2. If you and your spouse have more than one Archer
MSA, complete Part I as follows.
a. If either spouse has an HDHP with family coverage,
you both are treated as having only the family coverage
plan. Disregard any plans with self-only coverage.
b. If both spouses have HDHPs with family coverage,
you both are treated as having only the family coverage
plan with the lowest annual deductible.
c.
If both spouses have HDHPs with self-only
coverage, complete a separate Form 8853, Section A,
Part I, for each spouse. Enter “statement” across the top
of each Form 8853, fill in the name and SSN, and
complete Part I. Next, add lines 1, 2, and 5 from the two
statement Forms 8853 and enter those totals on the
respective lines of the controlling Form 8853 (the
combined Form 8853 for both spouses). Don't complete
lines 3 and 4 of the controlling Form 8853. Attach the two
statement Forms 8853 to your paper tax return after the
controlling Form 8853.
Line 1
Employer Contributions
Employer contributions include any amount an employer
contributes to any Archer MSA for you or your spouse for
2023. These contributions should be shown in box 12 of
Form W-2 with code R. If your employer made excess
contributions, you may have to report the excess as
income. See
Excess Employer Contributions, later, for
details.
Line 2
Include on line 2 contributions you made to your Archer
MSA in 2023. Also include those contributions made from
January 1, 2024, through April 15, 2024, that were for
2023. Don't include amounts rolled over from another
Archer MSA. See
Rollovers, later.
Line 3
Go through the chart at the top of the Line 3 Limitation
Chart and Worksheet for each month of 2023. Enter the
result on the worksheet next to the corresponding month.

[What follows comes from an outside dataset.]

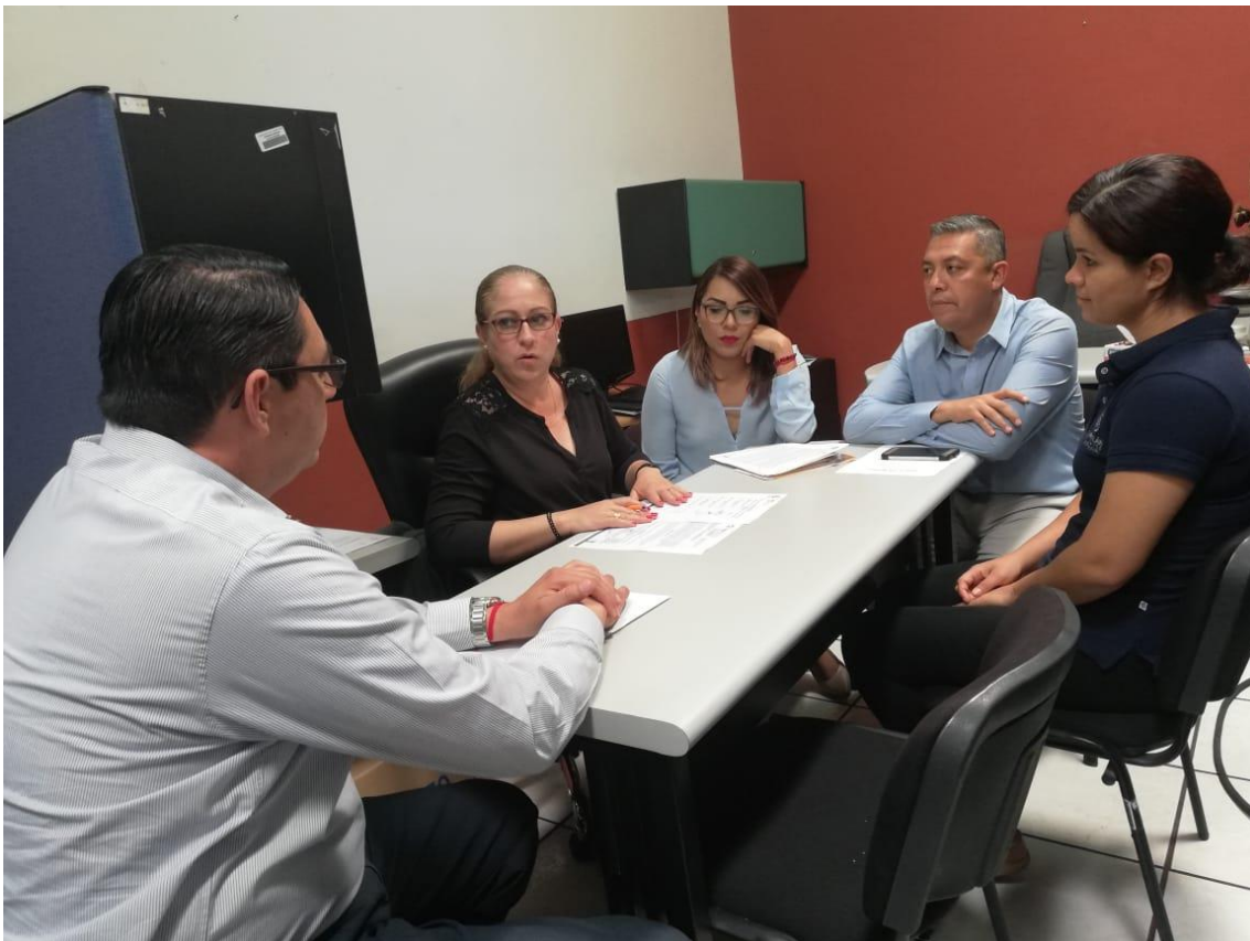
SESION NO. 05 EXTRAORDINARIA 22 DE MARZO DE 2019

Enter the amount from the last line of the worksheet on
line 3.
If eligibility and coverage for both you and your
spouse didn't change from one month to the next,
enter the same number you entered for the
previous month. If eligibility and coverage didn't change
during the entire year, figure the number for January only,
and enter this amount on Form 8853, line 3.
More than one HDHP. If you and your spouse had more
than one HDHP on the first day of the month and one of
the plans provides family coverage, use the Family
coverage rules on the chart and disregard any plans with
self-only coverage. If you and your spouse both have
HDHPs with family coverage on the first day of the month,
you both are treated as having only the family coverage
plan with the lowest annual deductible.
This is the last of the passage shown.